What is being asked » Once you reach the line with "Parches tácticos de" below, copy each line exactly, stopping after the line with "LINDA FARROW (U.K.)", and skip any pictures.

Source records
============

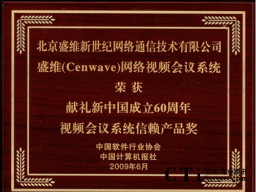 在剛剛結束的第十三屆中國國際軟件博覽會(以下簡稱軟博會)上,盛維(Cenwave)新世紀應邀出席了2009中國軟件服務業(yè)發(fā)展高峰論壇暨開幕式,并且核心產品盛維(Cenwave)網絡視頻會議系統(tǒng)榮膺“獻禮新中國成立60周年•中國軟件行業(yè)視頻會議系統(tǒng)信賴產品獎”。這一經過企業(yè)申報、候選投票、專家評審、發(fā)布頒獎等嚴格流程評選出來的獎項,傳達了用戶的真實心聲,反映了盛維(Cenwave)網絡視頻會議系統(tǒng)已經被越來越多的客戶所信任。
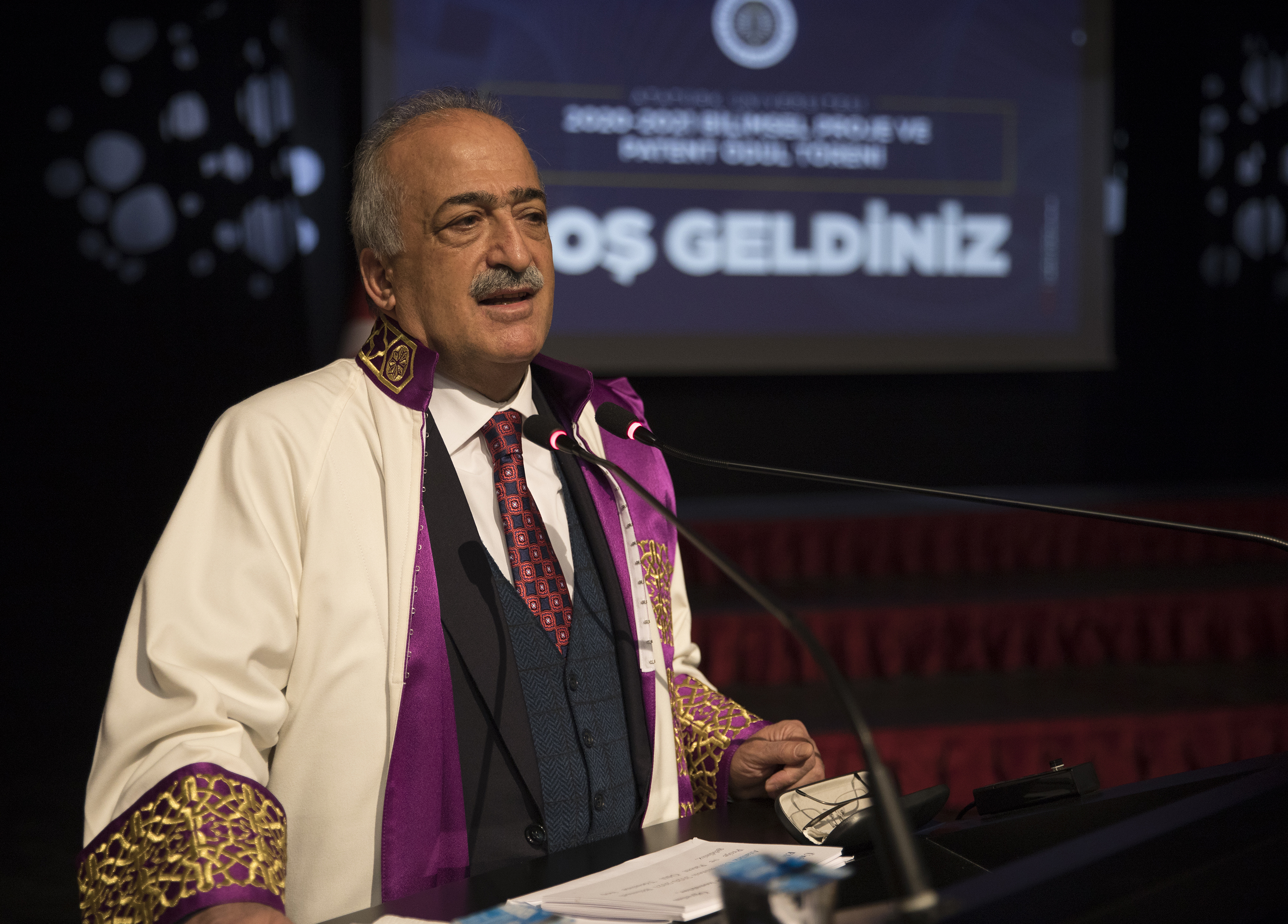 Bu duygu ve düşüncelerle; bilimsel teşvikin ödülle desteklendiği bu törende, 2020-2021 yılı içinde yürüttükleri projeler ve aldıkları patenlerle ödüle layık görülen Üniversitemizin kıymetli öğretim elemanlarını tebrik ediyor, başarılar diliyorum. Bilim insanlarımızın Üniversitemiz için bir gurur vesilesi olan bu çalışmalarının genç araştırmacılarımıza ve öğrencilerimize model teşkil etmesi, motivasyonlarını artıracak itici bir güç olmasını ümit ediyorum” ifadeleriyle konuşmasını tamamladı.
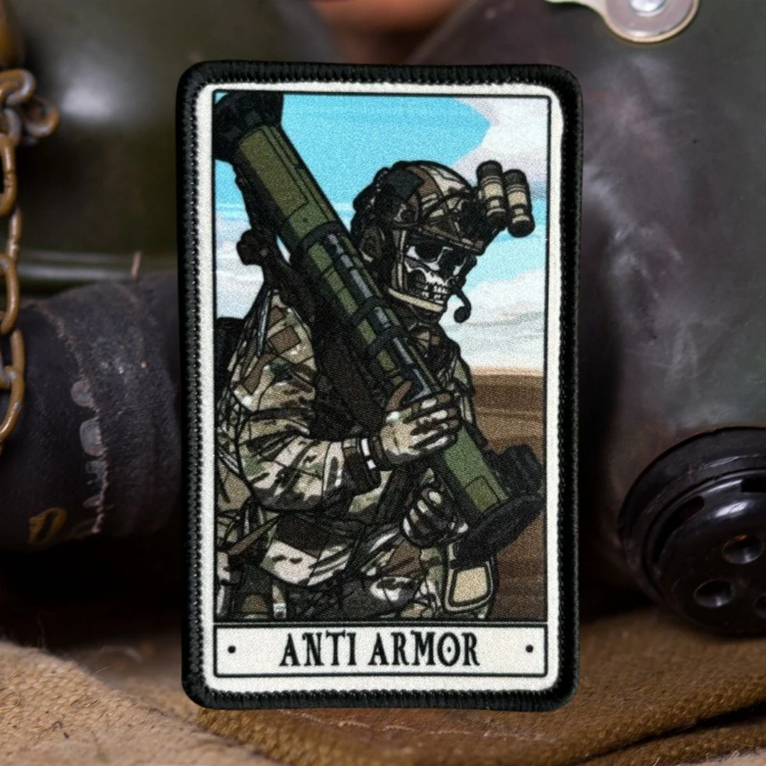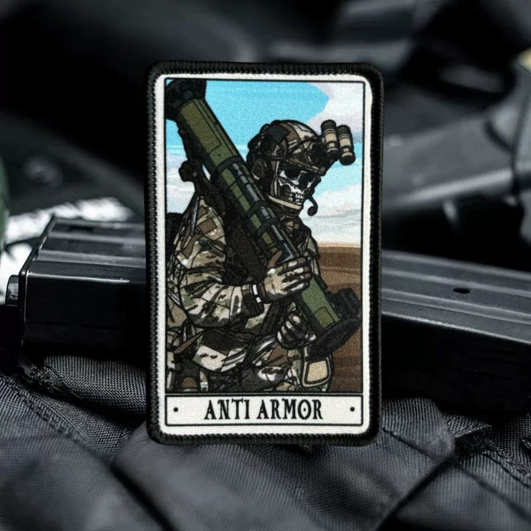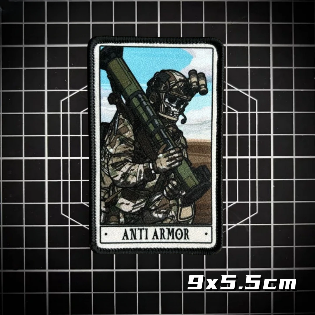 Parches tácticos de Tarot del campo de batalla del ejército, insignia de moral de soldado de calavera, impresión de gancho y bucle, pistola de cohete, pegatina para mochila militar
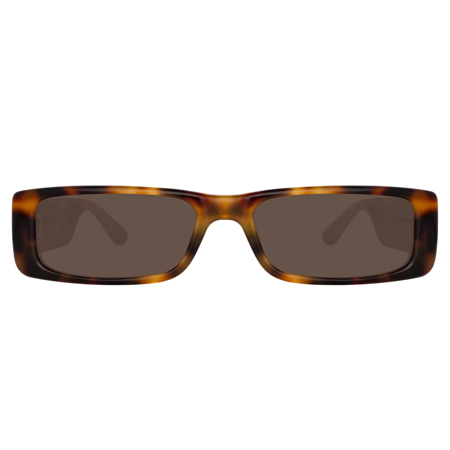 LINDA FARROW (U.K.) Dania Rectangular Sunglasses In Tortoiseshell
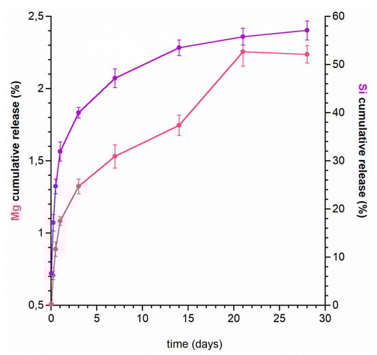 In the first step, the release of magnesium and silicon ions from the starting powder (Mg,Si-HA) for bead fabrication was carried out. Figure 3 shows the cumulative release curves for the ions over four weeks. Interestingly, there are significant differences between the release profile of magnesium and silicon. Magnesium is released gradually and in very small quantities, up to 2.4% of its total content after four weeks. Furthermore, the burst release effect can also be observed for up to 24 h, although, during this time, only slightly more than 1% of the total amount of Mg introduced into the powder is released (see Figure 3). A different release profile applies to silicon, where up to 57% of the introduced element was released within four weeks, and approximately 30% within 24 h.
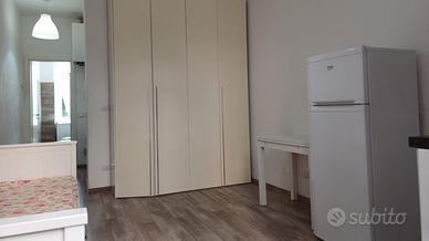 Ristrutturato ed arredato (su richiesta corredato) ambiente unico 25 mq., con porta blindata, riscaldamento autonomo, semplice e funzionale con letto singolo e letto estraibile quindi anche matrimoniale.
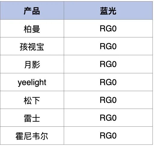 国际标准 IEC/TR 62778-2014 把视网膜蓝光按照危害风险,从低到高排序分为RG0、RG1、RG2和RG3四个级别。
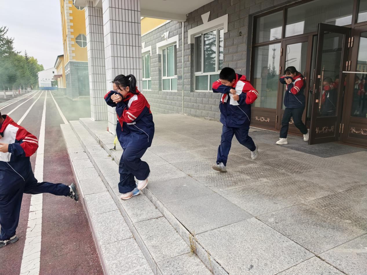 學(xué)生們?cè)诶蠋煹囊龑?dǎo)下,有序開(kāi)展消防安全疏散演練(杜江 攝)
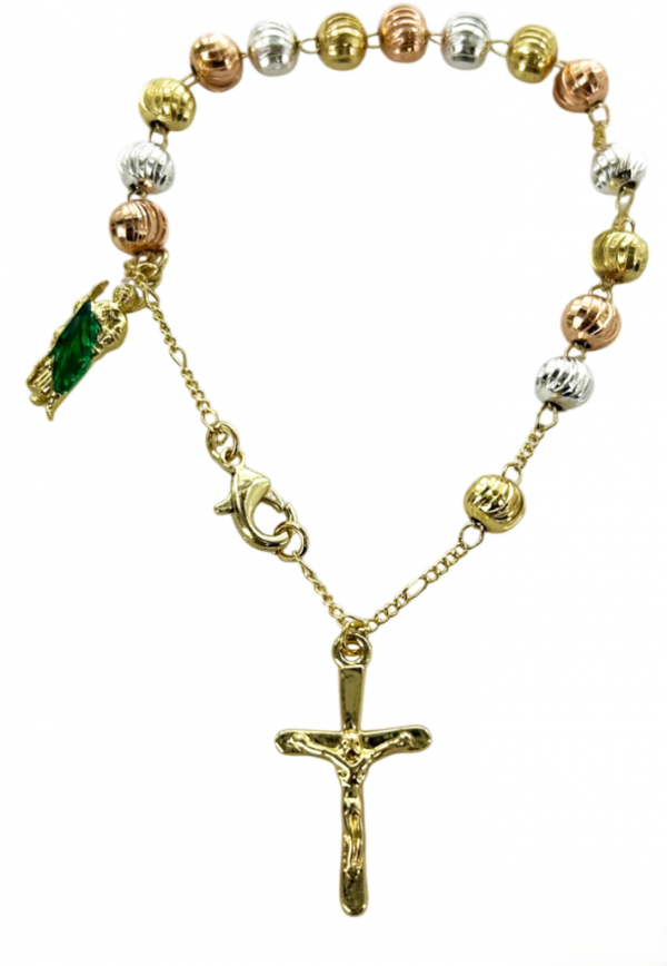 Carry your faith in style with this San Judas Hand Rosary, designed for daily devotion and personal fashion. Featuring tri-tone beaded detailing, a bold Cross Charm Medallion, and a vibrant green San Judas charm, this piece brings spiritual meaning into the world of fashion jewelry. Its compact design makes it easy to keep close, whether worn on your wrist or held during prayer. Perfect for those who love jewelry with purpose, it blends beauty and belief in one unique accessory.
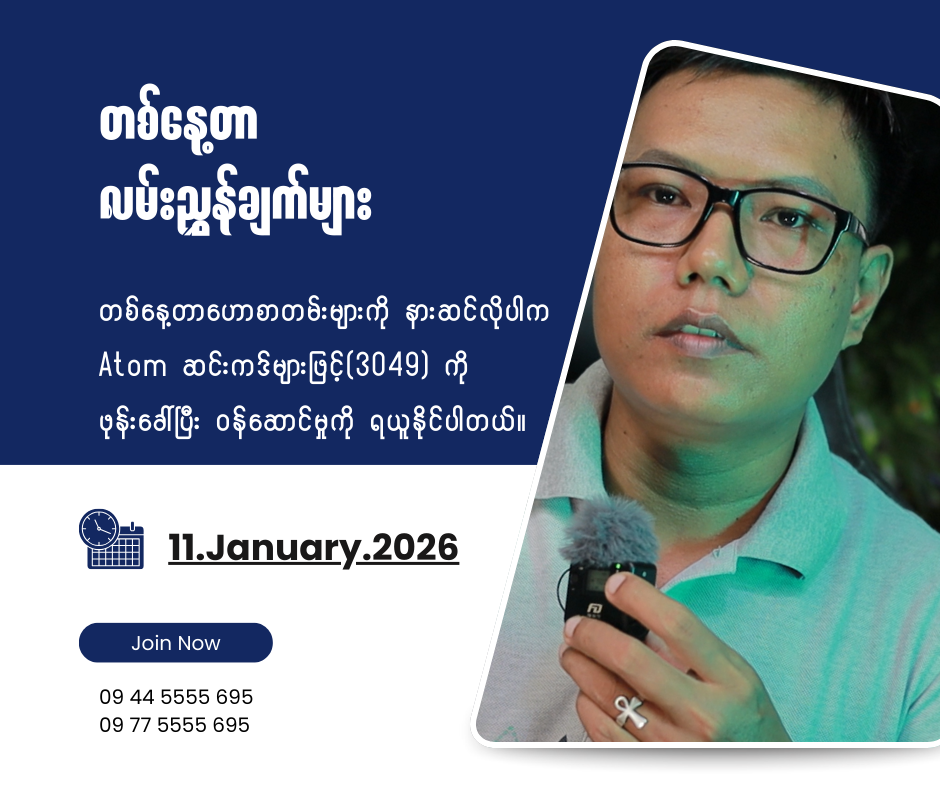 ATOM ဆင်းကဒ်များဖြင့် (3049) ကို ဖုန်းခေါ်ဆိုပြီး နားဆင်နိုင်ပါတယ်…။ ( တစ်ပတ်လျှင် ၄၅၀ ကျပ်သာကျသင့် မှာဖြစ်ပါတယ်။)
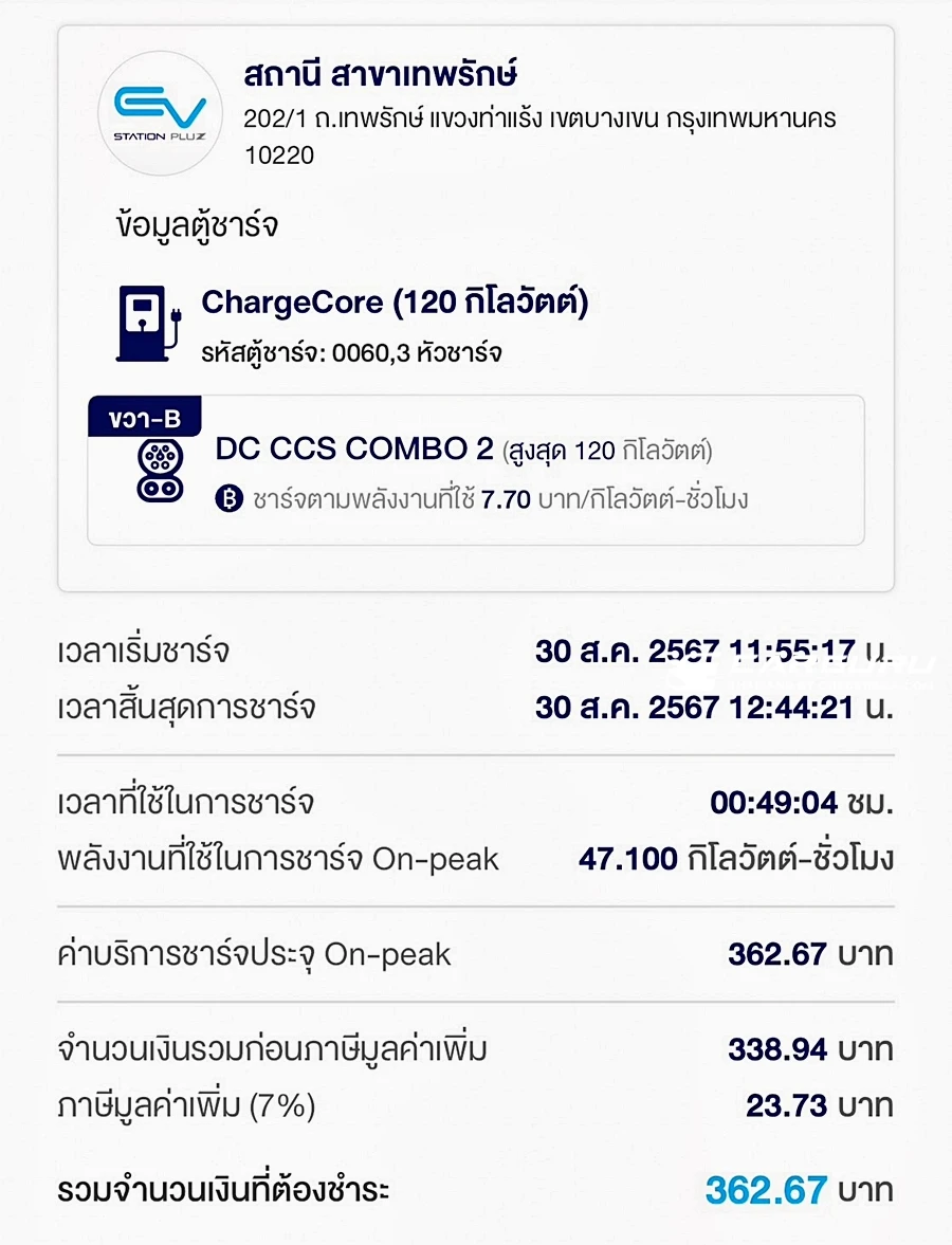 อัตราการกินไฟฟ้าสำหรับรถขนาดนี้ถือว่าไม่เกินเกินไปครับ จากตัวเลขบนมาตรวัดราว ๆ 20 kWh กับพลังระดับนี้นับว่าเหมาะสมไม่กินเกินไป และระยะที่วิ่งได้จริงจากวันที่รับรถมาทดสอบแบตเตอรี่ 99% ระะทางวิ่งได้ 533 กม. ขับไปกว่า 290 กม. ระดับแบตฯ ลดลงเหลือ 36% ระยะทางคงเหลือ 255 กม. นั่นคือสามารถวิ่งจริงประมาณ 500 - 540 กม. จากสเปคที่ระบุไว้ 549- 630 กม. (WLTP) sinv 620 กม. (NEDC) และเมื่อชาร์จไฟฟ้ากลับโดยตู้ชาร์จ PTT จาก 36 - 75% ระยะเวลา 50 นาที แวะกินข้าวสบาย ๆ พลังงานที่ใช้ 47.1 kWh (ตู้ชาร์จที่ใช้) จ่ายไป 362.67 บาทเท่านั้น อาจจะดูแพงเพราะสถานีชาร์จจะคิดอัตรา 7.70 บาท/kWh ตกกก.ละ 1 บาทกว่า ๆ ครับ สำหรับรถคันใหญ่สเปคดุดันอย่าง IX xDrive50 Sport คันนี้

============

Task answer »
 Parches tácticos de Tarot del campo de batalla del ejército, insignia de moral de soldado de calavera, impresión de gancho y bucle, pistola de cohete, pegatina para mochila militar
 LINDA FARROW (U.K.) Dania Rectangular Sunglasses In Tortoiseshell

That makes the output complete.